I'm in the process of refactoring a large class -- let's call it Big -- that has a huge amount of copy-paste code. Much of this copy-paste code exists in switch cases where only the types involved end up being different. The code is switching based on an enum member variable of the class whose value is known only at runtime.
My attempt to fix this involves having a Dispatcher class that looks up appropriately typed functions via a static function called lookup(). The functions that do the actual work are always called go() and have to be defined in a wrapper class template (whose sole parameter is the runtime enum value currently being switched on). The go() functions may or may not be template functions themselves.
Here is a distilled version of the code.

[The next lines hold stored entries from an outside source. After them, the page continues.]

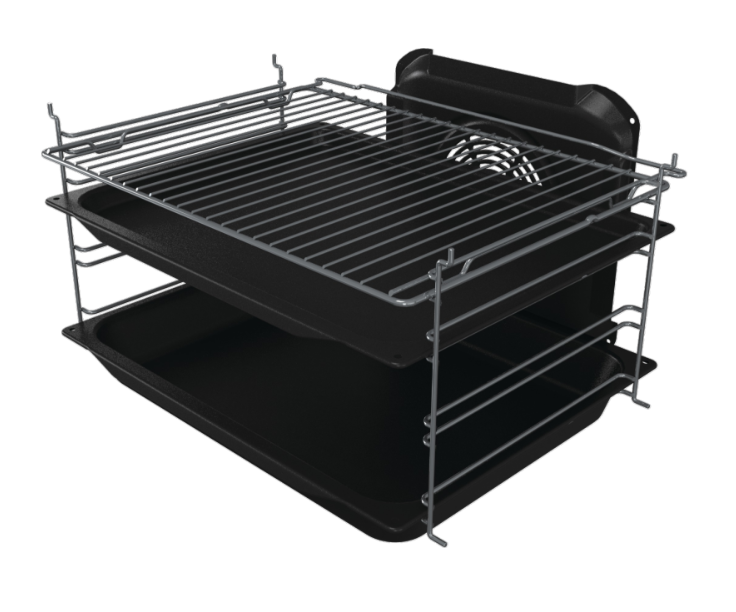 i Выдвижные металлические полозья, которые легко выезжают за пределы камеры духовки вместе с противнем, не давая ему упасть.
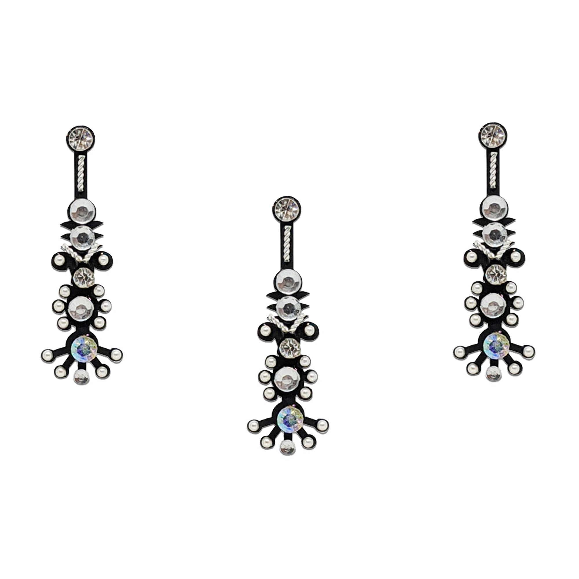 Comet Busters® Silver, Black, Multicolor Artistic Abstract Bindis – PVC, Diamond, Shiny Beads – Handcrafted, Reusable & Skin-Friendly Bindis for Party Wear (25mm) – Forehead Bindi Stickers for Women & Girls – BIN1713
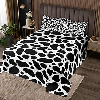 Feelyou 牛柄ベッドスプレッド 牛柄カバーレットセット 子供用 大人用 シンプル モダン 抽象アート キルトベッドカバー アニマル柄 ブラック-ホワイト キルトルーム装飾 3ピース 枕カバー2枚付き クイーンサイズ
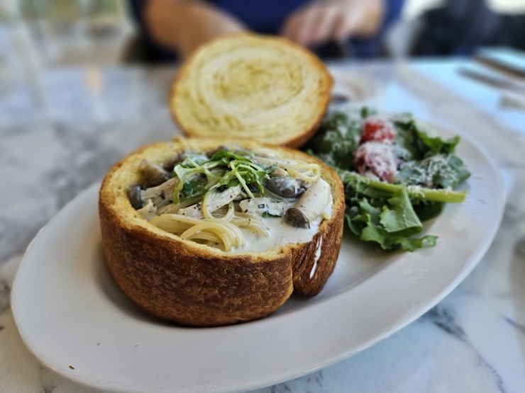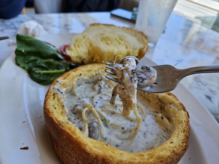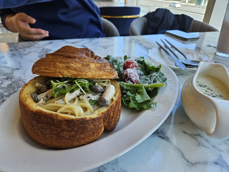 넉넉하게 들어간 머쉬룸과 추가로 따로 제공된 크림소스.
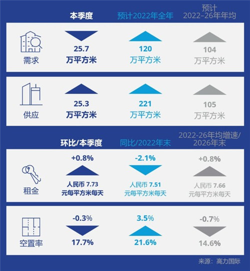 2022年供應(yīng)高峰過(guò)后,租金將逐步反彈,空置率也將在2023年重新進(jìn)入下降趨勢(shì)。未來(lái)市場(chǎng)大環(huán)境或?qū)⒏欣跇I(yè)主方,租戶方需積極應(yīng)對(duì)市場(chǎng)環(huán)境變化并調(diào)整其策略。
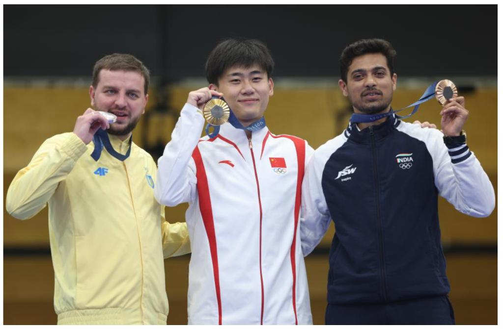 8月1日,冠军中国选手刘宇坤(中)、亚军乌克兰选手库里什(左)和季军印度选手库萨莱在颁奖仪式上。新华社记者赵丁喆摄
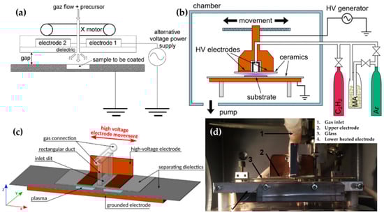 Manakhov et al. utilized a DBD plasma system to copolymerize maleic anhydride (MA) and C2H2 for carboxyl-rich coatings in a metallic cube chamber. The two rectangular pieces were separated to provide room for the gas feed, while the top electrode was covered with Al2O3 ceramics with a thickness of 1 mm, and the bottom metallic electrode (grounded electrode) was also covered with the ceramic. The gap between the top and bottom ceramics was set at 1.6 mm (Figure 7b). This chamber was pumped down, and then filled up to 96 kPa with Ar, MA, and C2H2 as a deposition gas mixture. The plasma was ignited by a sinusoidal wave with a frequency of 5–6.6 kHz and a power of 8 W [75]. Obrusník et al. and St’ahel et al. used a plasma-generating system with the same electrode configuration as Manakhov et al., albeit in open air; the gas was supplied through the inlet in the middle of the top electrode connected to a 4-cm-long rectangular duct (Figure 7c) [76]. In the work of St’ahel et al., a heating spiral was added to the bottom electrode along with a thermocouple to increase the substrate temperature, and the gap between the electrodes was changed to 1.0 mm (Figure 7d) [77].
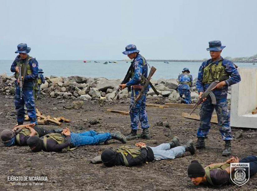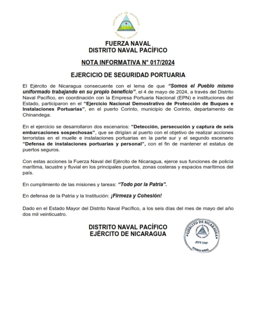 El Ejército de Nicaragua consecuente con el lema de que “Somos el Pueblo mismo uniformado trabajando en su propio beneficio”, el 4 de mayo de 2024, a través del Distrito Naval Pacífico, en coordinación con la Empresa Portuaria Nacional (EPN) e instituciones del Estado, participaron en el “Ejercicio Nacional Demostrativo de Protección de Buques e Instalaciones Portuarias”, en el puerto Corinto, municipio de Corinto, departamento de Chinandega.
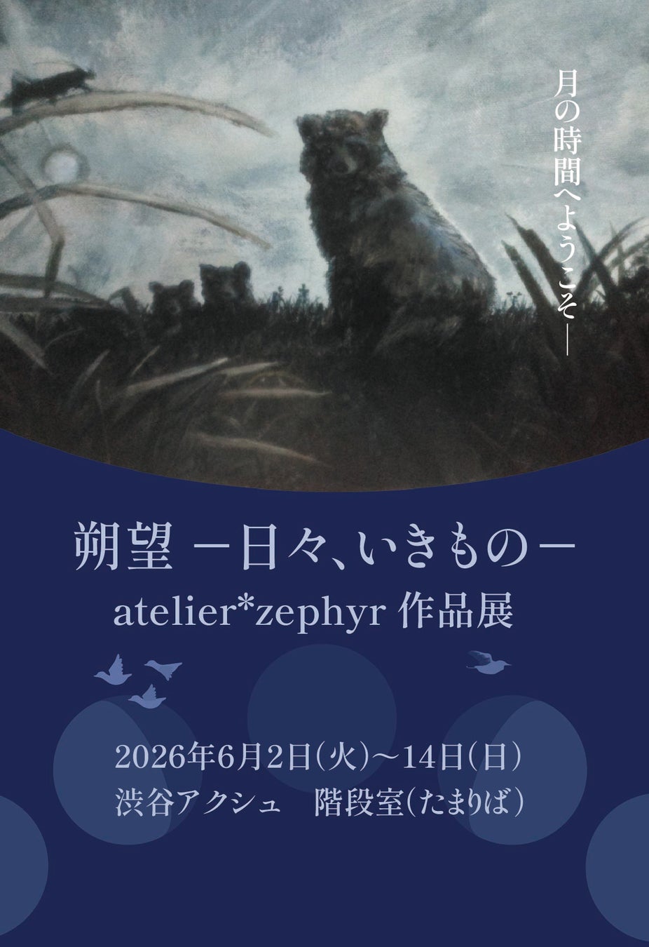 株式会社シアターワークショップ(東京都渋谷区)は、運営・管理をしている渋谷アクシュ3階のユニークなレンタルスペース「階段室(たまりば)」(所在地:東京都渋谷区)にて、画家・イラストレーターのatelier*zephyr(アトリエ・ゼファー)氏による作品展『朔望 ―日々、いきもの―』を2026年6月2日(火)~14日(日)にかけて開催いたします。
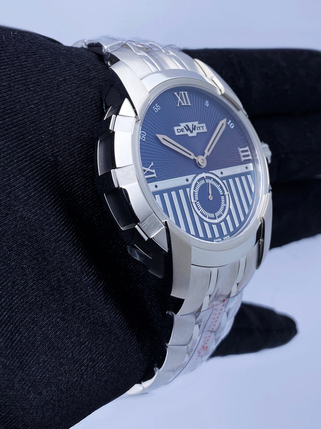 Dewitt Glorious Knight FTV.PTS.007.S Mens Watch. 42mm stainless steel case with stainless steel bezel. Blue dial with steel hands and Roman numeral hour marker. Small seconds hand at 6 o'clock. Stainless steel bracelet with hidden butterfly clasp with double push button safety. Will fit up to 7-Inch wrist. Sapphire crystal. Stainless steel case back. Automatic self-winding movement. This watch comes with original Box and Papers.

My apologies for the length, but this was as short as I could get it without losing important context.
#include <cassert>
class Big
{
public:
enum RuntimeValue { a, b };
Big(RuntimeValue rv) : _rv(rv) { }
bool equals(int i1, int i2)
{
return Dispatcher<Equals, bool(int, int)>::lookup(_rv)(i1, i2);
}
template<typename T>
bool isConvertibleTo(int i)
{
return Dispatcher<IsConvertibleTo, bool(int)>::lookup<T>(_rv)(i);
}
private:
template<RuntimeValue RV>
struct Equals
{
static bool go(int i1, int i2)
{
// Pretend that this is some complicated code that relies on RV
// being a compile-time constant.
return i1 == i2;
}
};
template<RuntimeValue RV>
struct IsConvertibleTo
{
template<typename T>
static bool go(int i)
{
// Pretend that this is some complicated code that relies on RV
// being a compile-time constant.
return static_cast<T>(i) == i;
}
};
template<template<RuntimeValue> class FunctionWrapper, typename Function>
struct Dispatcher
{
static Function * lookup(RuntimeValue rv)
{
switch (rv)
{
case a: return &FunctionWrapper<a>::go;
case b: return &FunctionWrapper<b>::go;
default: assert(false); return 0;
}
}
template<typename T>
static Function * lookup(RuntimeValue rv)
{
switch (rv)
{
case a: return &FunctionWrapper<a>::go<T>;
case b: return &FunctionWrapper<b>::go<T>;
default: assert(false); return 0;
}
}
// And so on as needed...
template<typename T1, typename T2>
static Function * lookup(RuntimeValue rv);
};
RuntimeValue _rv;
};
int main()
{
Big big(Big::a);
assert(big.equals(3, 3));
assert(big.isConvertibleTo<char>(123));
}
This mostly works, except that:
It builds and works fine under Visual C++ 9 (2008), but under GCC 4.8 it results in compilation errors in the function-template overload of lookup().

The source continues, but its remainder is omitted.